EXERCISE INSTRUCTIONS:
Throughout the listing that follows, find each line with the word "àrea" and copy it.

SUPPLIED ENTRIES:
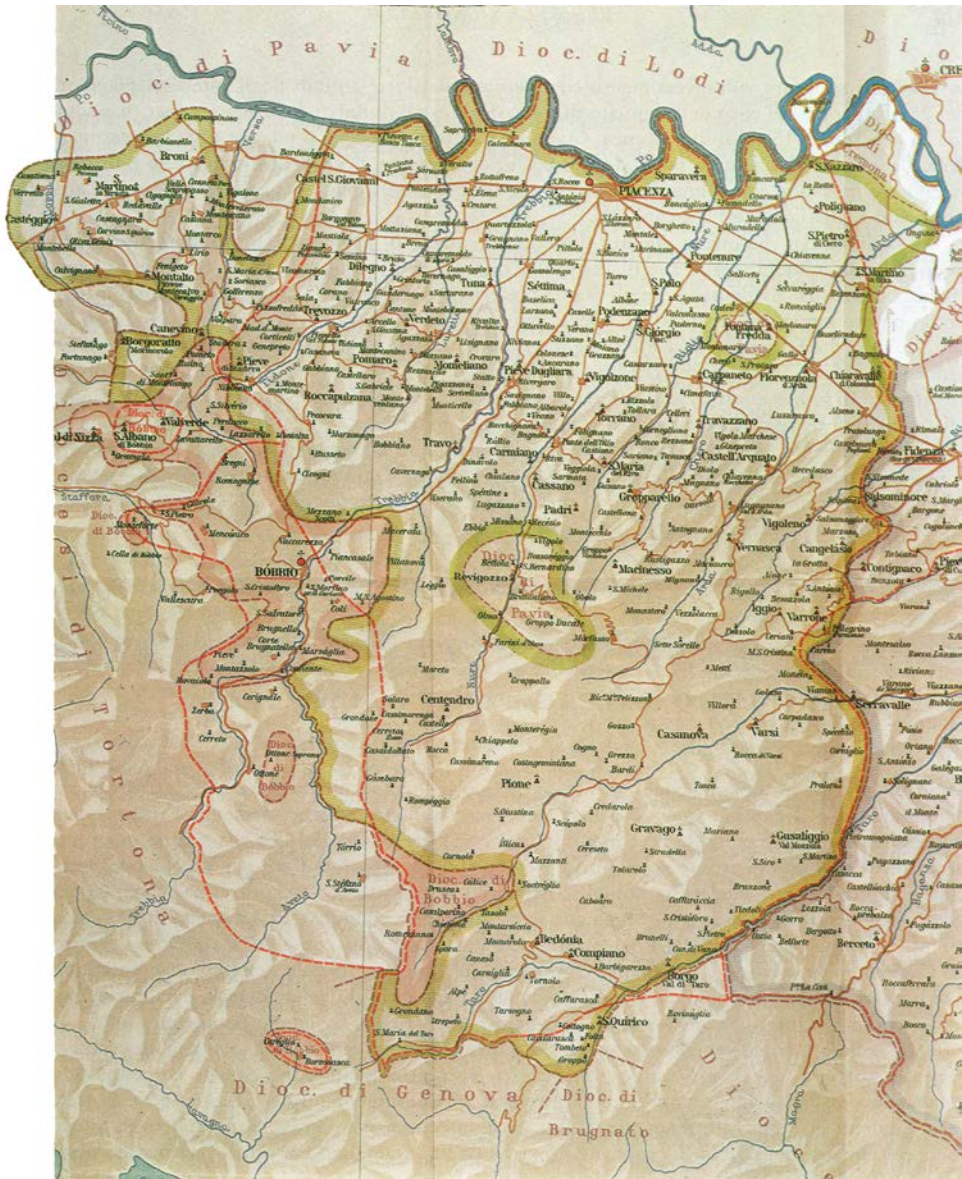
Fig. 2. I territori diocesani di Piacenza e Bobbio secondo le Rationes decimarum , Aemilia (1933).
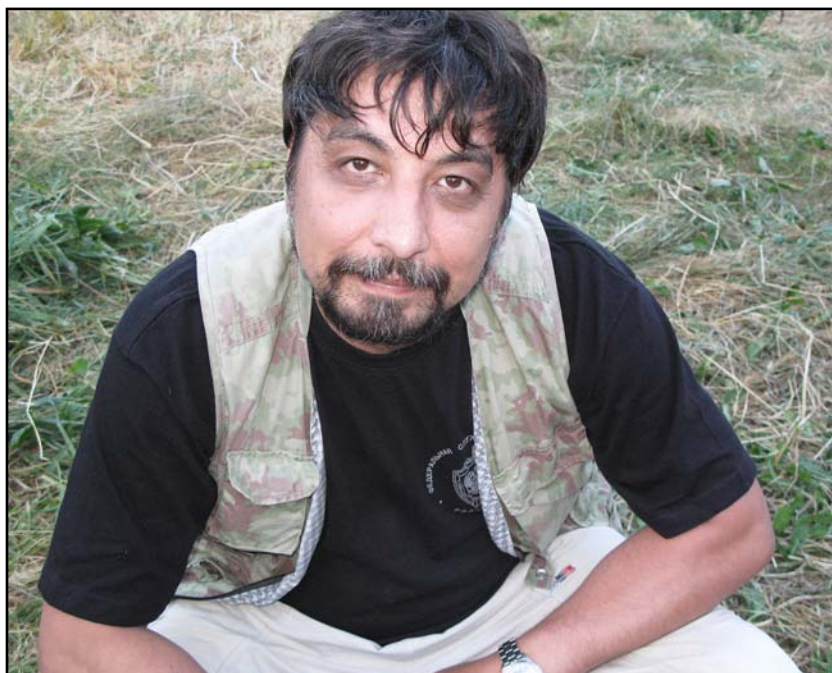
Фото 7. В экспериментальной экспедиции ИИМК РАН в Костенках. 19 июня 2007 г..

Photo 7. In Kostenki. Experimental expedition by the IHMC RAS. June 19 of 2007.
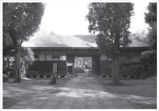
▲弘化4(1847)年に建築された長屋門

北部地域に多く、北を向き地域の境に立ち、疫病を防ぎ福を招く神としてまつられています。
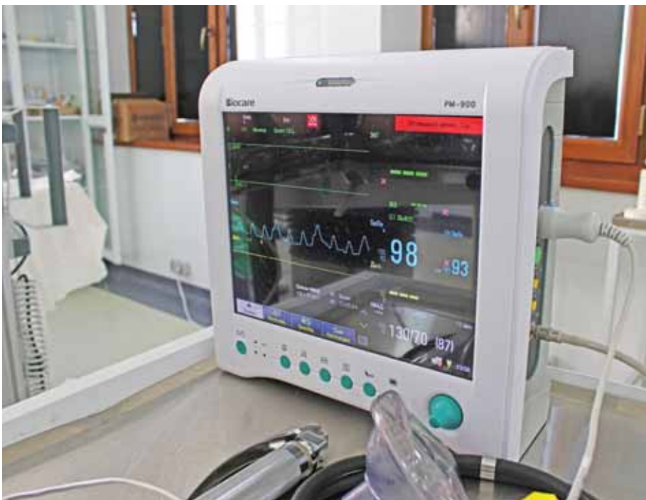
Egy modern eszközökkel felszerelt egészségház megléte a cél

Ezen lapszámunk június 19-én jelent meg, két nappal a fentebb említett június 17-i rendkívüli testületi ülés után. Így mire olvasóink ezt a háttérösszeállítást elolvasták, elképzelhető, hogy új információ is társul már hozzá. A fejleményekről a következő lapszámunkban is beszámolunk. RF
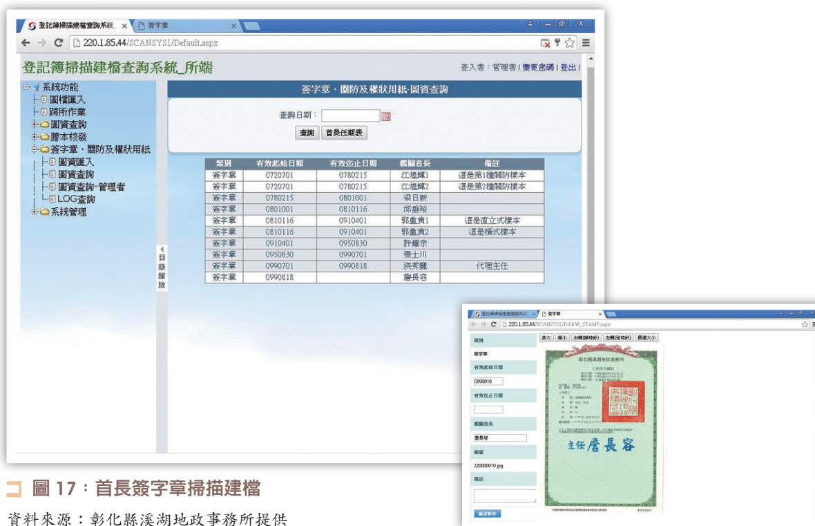
圖 17：首長簽字章掃描建檔
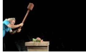
Okyanuslardan Korkmanız İçin 17 Geçerli Sebep
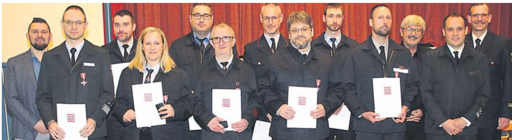
Ehrende und Geehrte mit dem Silbernen Brandschutzehrenzeichen des Landes Hessen.
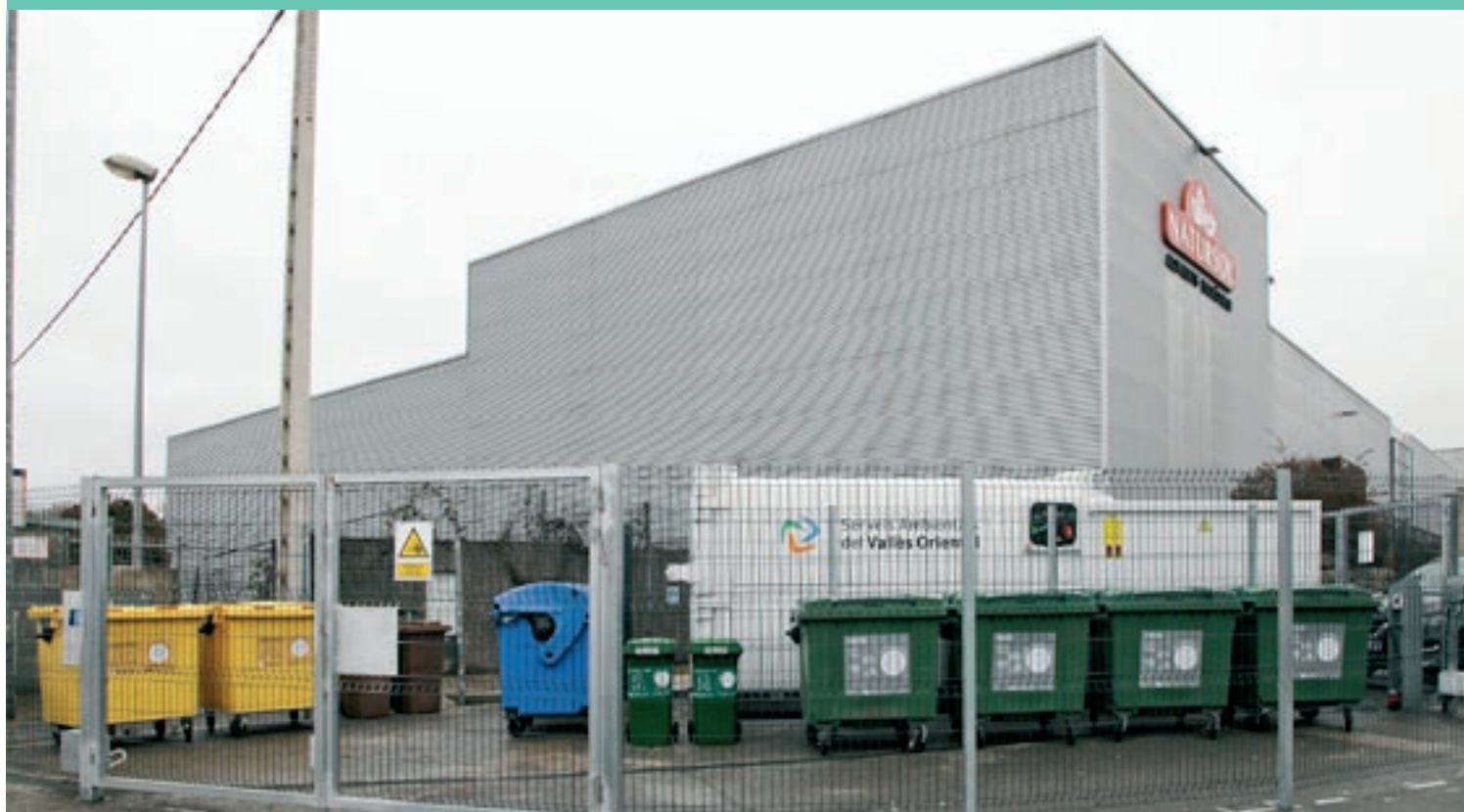
La nova àrea d'emergència, tancada, per als veïns del poble

S'ha creat una àrea d'emergència per als veïns tancada per evitar abocaments incontrolats
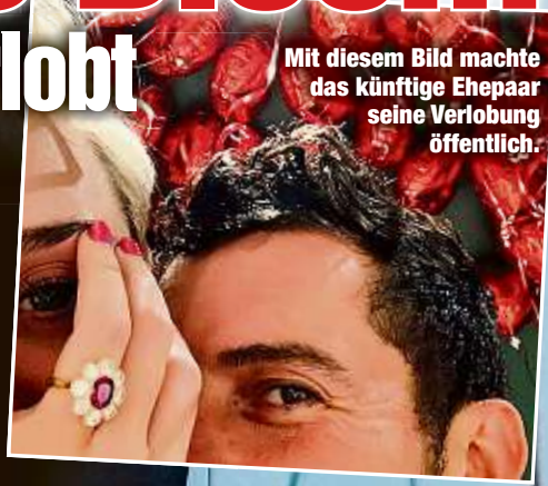
Mit diesem Bild machte das künftige Ehepaar seine Verlobung öffentlich.
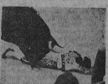
Cogida de Barra
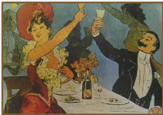
Pezsgő, az orfeumok kedvenc itala

Olyan szempontból sem érdektelen a felsorolást áttekinteni, hogy ebből a vetületből is értékelni tudjuk Littkéék zseniális üzleti érzékét, szakmai tudását.
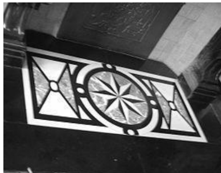
באסקופת בית המשלבת גיר שחור ושיש לבן (Bandinelli, 2007)
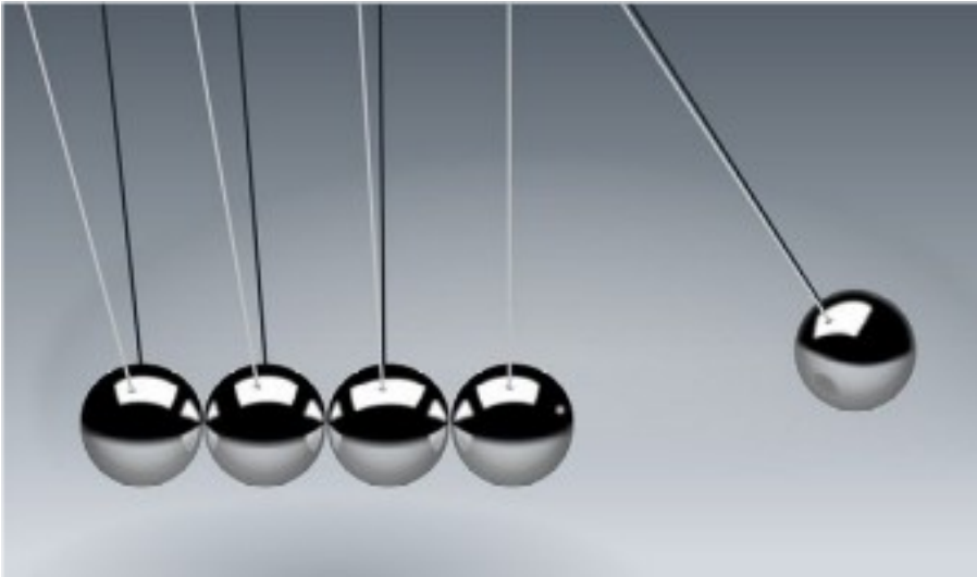
Abbildung 1. Kugelstoßpendel [7]

Im vorliegenden Green Paper ist eine skalierbare global einsetzbare Mit Virus leben (#MiViLe-Lösung) für die Überwachung und Eindämmung des epidemiologischen Geschehens beschrieben. Die Kernbestandteile der #MiViLe-Lösung: 1) Erfassung von Massenveranstaltungen in einer Matrix ( bspw. eine Datenbank, die ähnlich dem Domain Name System (DNS) der DENIC eG aufgebaut ist) 2) Integration von Verfahren, die im Microsoft Patent WO2020060606 und in der Corona-Warn-App beschrieben sind.
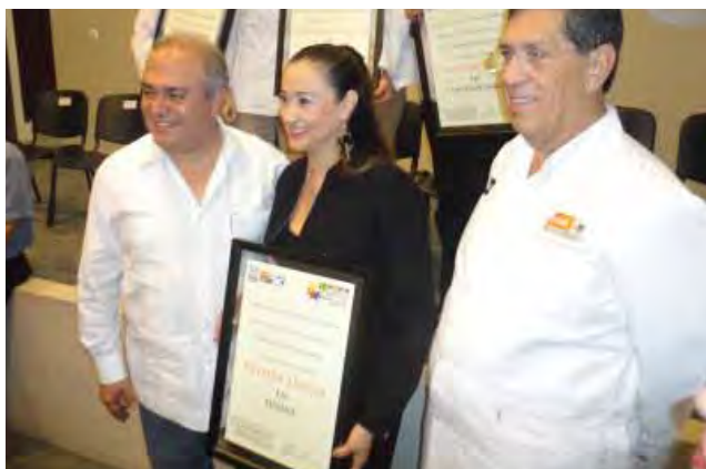
Reconocimiento a Baja California.

responsable de la capacitación e investigación sobre un esquema basado en evidencias científicas y con enfoque epidemiológico local. Actualmente, los proyectos de investigación son desarrollados por profesionales de la salud, incluidos los médicos residentes de las distintas especialidades y avalados por los comités de bioética de las unidades hospitalarias.
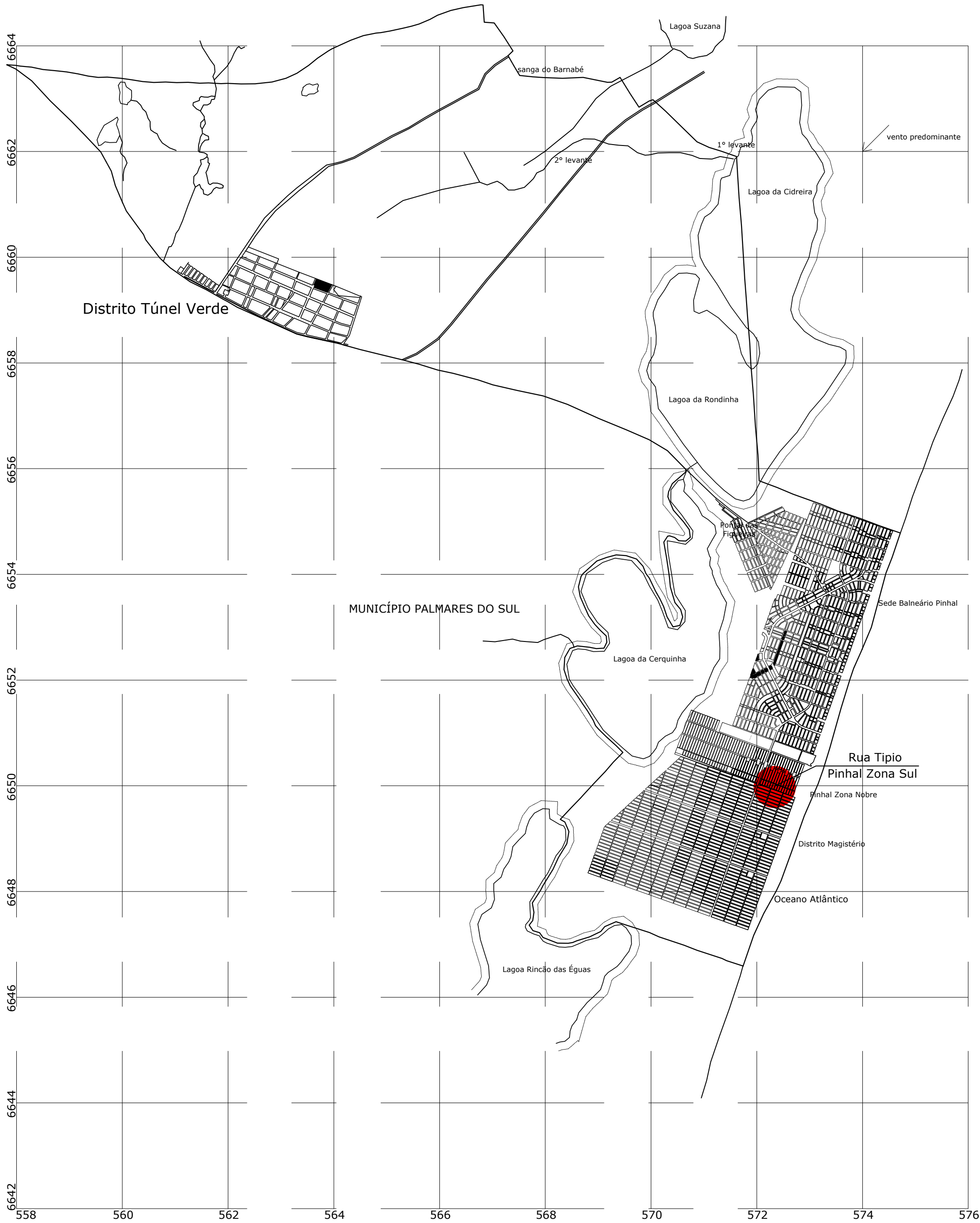
Situação Geral Sem escala
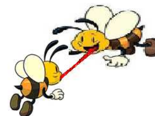
G) la trofallassi

INDIVIDUA LA SEQUENZA CORRETTA DELLE ATTIVITÀ:
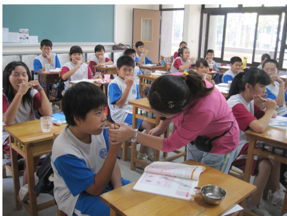
健康教師指導學生正確刷牙方法教學

REPLY TO THE TASK:
La nova àrea d'emergència, tancada, per als veïns del poble
S'ha creat una àrea d'emergència per als veïns tancada per evitar abocaments incontrolats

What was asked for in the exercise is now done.